User:RBSpamAnalyzerBot
Overview
This bot will post external link analysis, find probable spambot-created pages, and eventually tag them for speedy deletion. It will also generate a set of statistics that can be used by the community to determine whether some pages are being used as spam carriers.
The bot runs once per database dump. In the case of the English Wikipedia, I expect it to run once every 45-60 days.
Tasks
The bot itself is composed of a set of bash shell script files, each doing a single task:
- review.sh: The "bot" itself. The script just calls each of the following scripts in order, handling any problem they may have.
- download.sh: Checks download.wikimedia.org to find new database dumps, comparing the current ones with the last one it had processed. If new ones are found, it can generate a list of urls to download page.sql.gz and externallinks.sql.gz to be downloaded via wget.
- process.sh: Executes the queries from page.sql.gz and externallinks.sql.gz in a local database, then executes several custom-made queries to gather statistics:
SELECT COUNT(el_from) AS total, el_from, page_title
FROM externallinks, page
WHERE externallinks.el_from = page_id AND page_is_redirect = 0 AND page_namespace = 0
GROUP BY el_from
ORDER BY total DESC;- Generates a list of articles sorted by the amount of external links each has.
SELECT COUNT(el_to) AS total, SUBSTRING_INDEX(el_to, '/', 3) AS search
FROM externallinks, page
WHERE page_id = el_from AND page_namespace = 0
GROUP BY search
ORDER BY total DESC;- Generates a list of external links in descendant order.
SELECT page_id, page_title, page_namespace
FROM page
WHERE page_title LIKE '%index.php%'
OR page_title LIKE '%/wiki/%'
OR page_title LIKE '%/w/%' OR
page_title LIKE '%/';- Generates a list of pages with titles containing one of several patterns used by malfunctioning bots, like /wiki/, /w/, or ending with /.
- After executing the queries, the script processes the resulting lists to limit the lists to a determined amount, to prevent creating pages too big. If resulting listing has more than 500 items, the bot stops, as the dump result must be manually analyzed.
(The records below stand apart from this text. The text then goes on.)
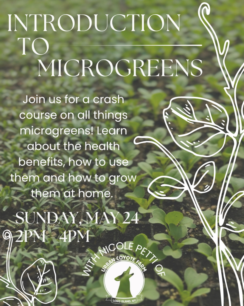 Join farmer Nicole Petti for a crash course on all things microgreens! In this hands-on class, we’ll learn about the health benefits of these edible seedlings, as well as how to use them and grow them at home.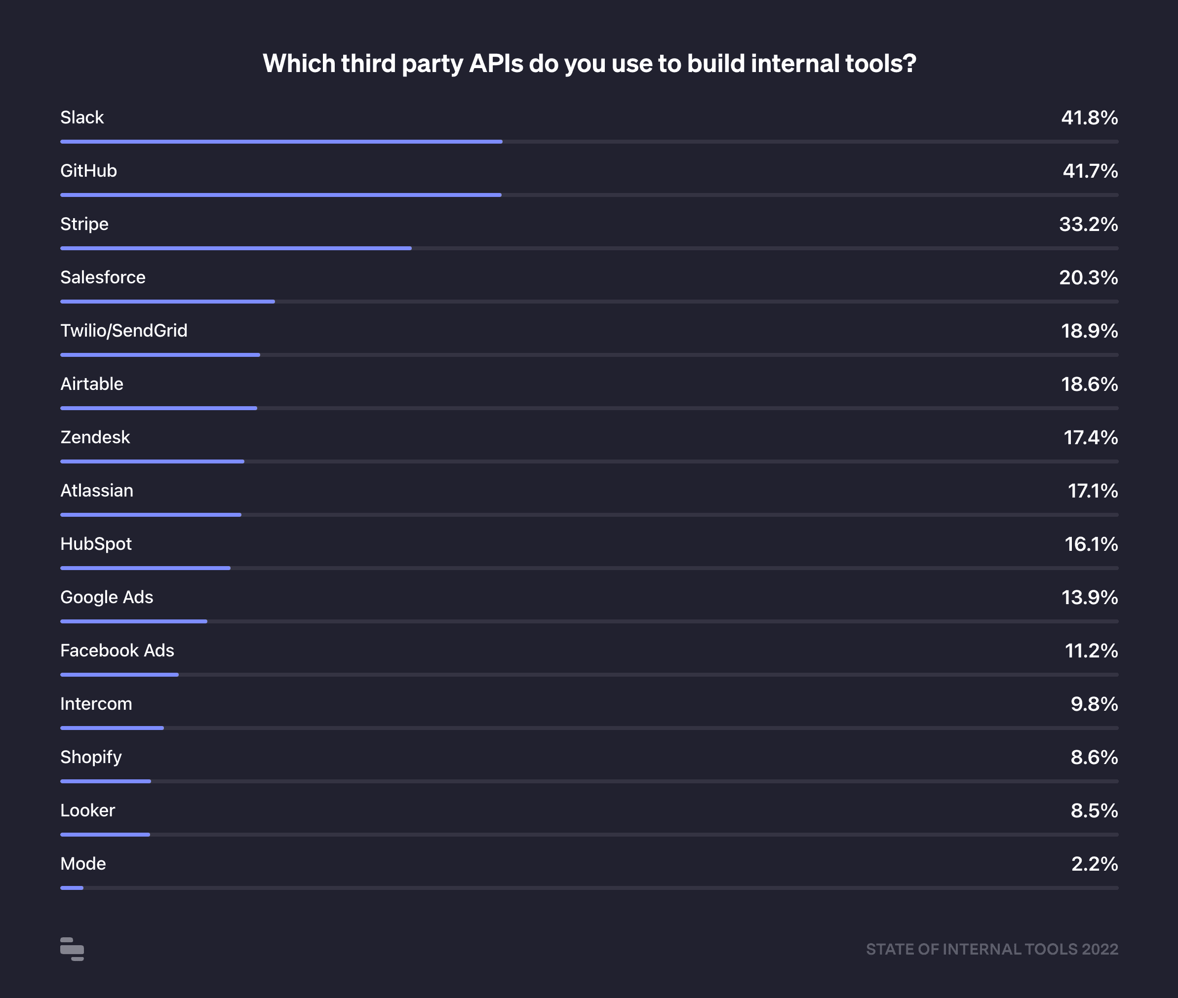 Among third party APIs, Slack, and GitHub are the most popular with 42% of respondents using them, followed by Stripe (33%) and Salesforce (20%).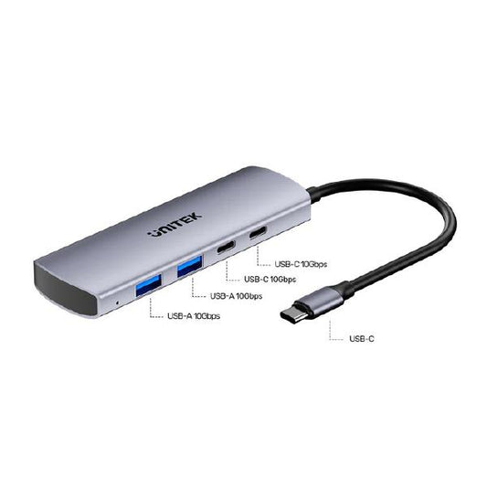 Unitek 4-in-1 uHUB Q4 USB-C Hub, 10Gbps, USB-A x2, USB-C x2, Grey, Unitek Hook Color Box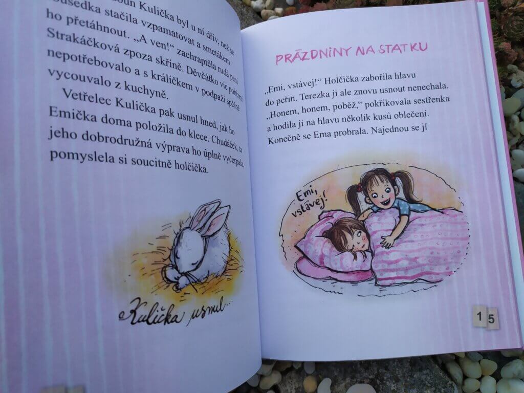 Z celé knihy vyřazuje láska ke zvířatům. Hlavní protagonistka knihy – šestiletá Ema je velice milá, přátelská a starostlivá holčička, jež postupem času získává se zvířátky nejen spoustu zážitků, ale i zkušeností. Sympatická hrdinka se může stát příkladem mnoha dětem. Vzor čestnosti, nezkažená lidmi ani světem. O ilustrace se postarala Markéta Vydrová. Milé čtení pro děti kolem šesti, sedmi let vás jistě nezklame. Navíc koupí této knihy přispějete na dobrou věc, autorský honorář je věnovaný fondu dětské onkologie KRTEK.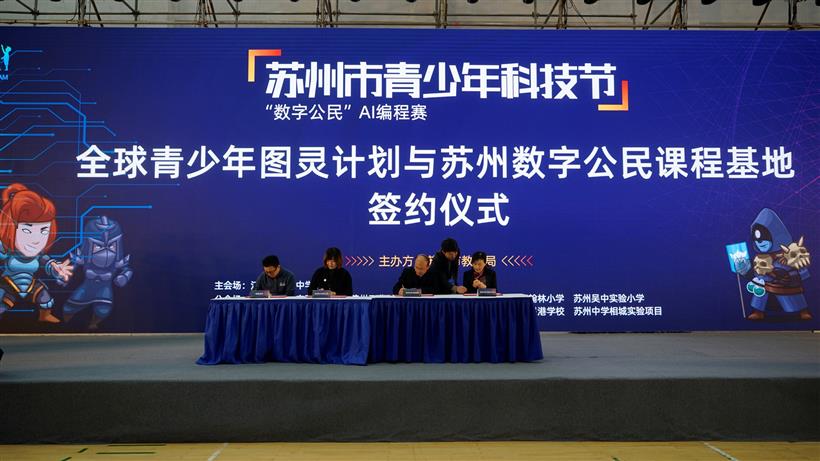 全球青少年图灵计划、扣哒世界、苏州中学园区校和苏州市沧浪教育集团签署战略合作协议,共同建设“数字公民”课程基地,培养优秀青少年进入图灵计划、AI世青赛、信息学竞赛和顶级名校青少年人工智能拓展训练项目。

- upload.sh: This script executes the communication between the bot and the Wikipedia project. The script logins the bot and uploads the generated listings at a determined location. Currently, that is being done at User:ReyBrujo/Dumps. First, the script determines whether there is a current dump, and if so, archives it at User:ReyBrujo/Dumps/Archive. Then it uploads the listings and the dump page, with the format:
- User:ReyBrujo/Dumps/yyyymmdd where yyyymmdd is the database dump date (and not the processing date)
- User:ReyBrujo/Dumps/yyyymmdd/Sites linked more than xxx times where xxx is usually 500 in the case of the English Wikipedia
- User:ReyBrujo/Dumps/yyyymmdd/Sites linked between xxx and yyy times where xxx and yyy are delimiters when a single listing would have over 500 items.
- User:ReyBrujo/Dumps/yyyymmdd/Articles with more than xxx external links where xxx is usually 1000.
- User:ReyBrujo/Dumps/yyyymmdd/Articles with between xxx and yyy external links where xxx and yyy are delimiters when a single listing would have over 500 items.
Finally, the bot will also edit a global page currently found at meta:User:ReyBrujo/Dump statistics table, updating the statistics in that page. Permission for the bot to run there will be requested after having the bot approved in the English Wikipedia.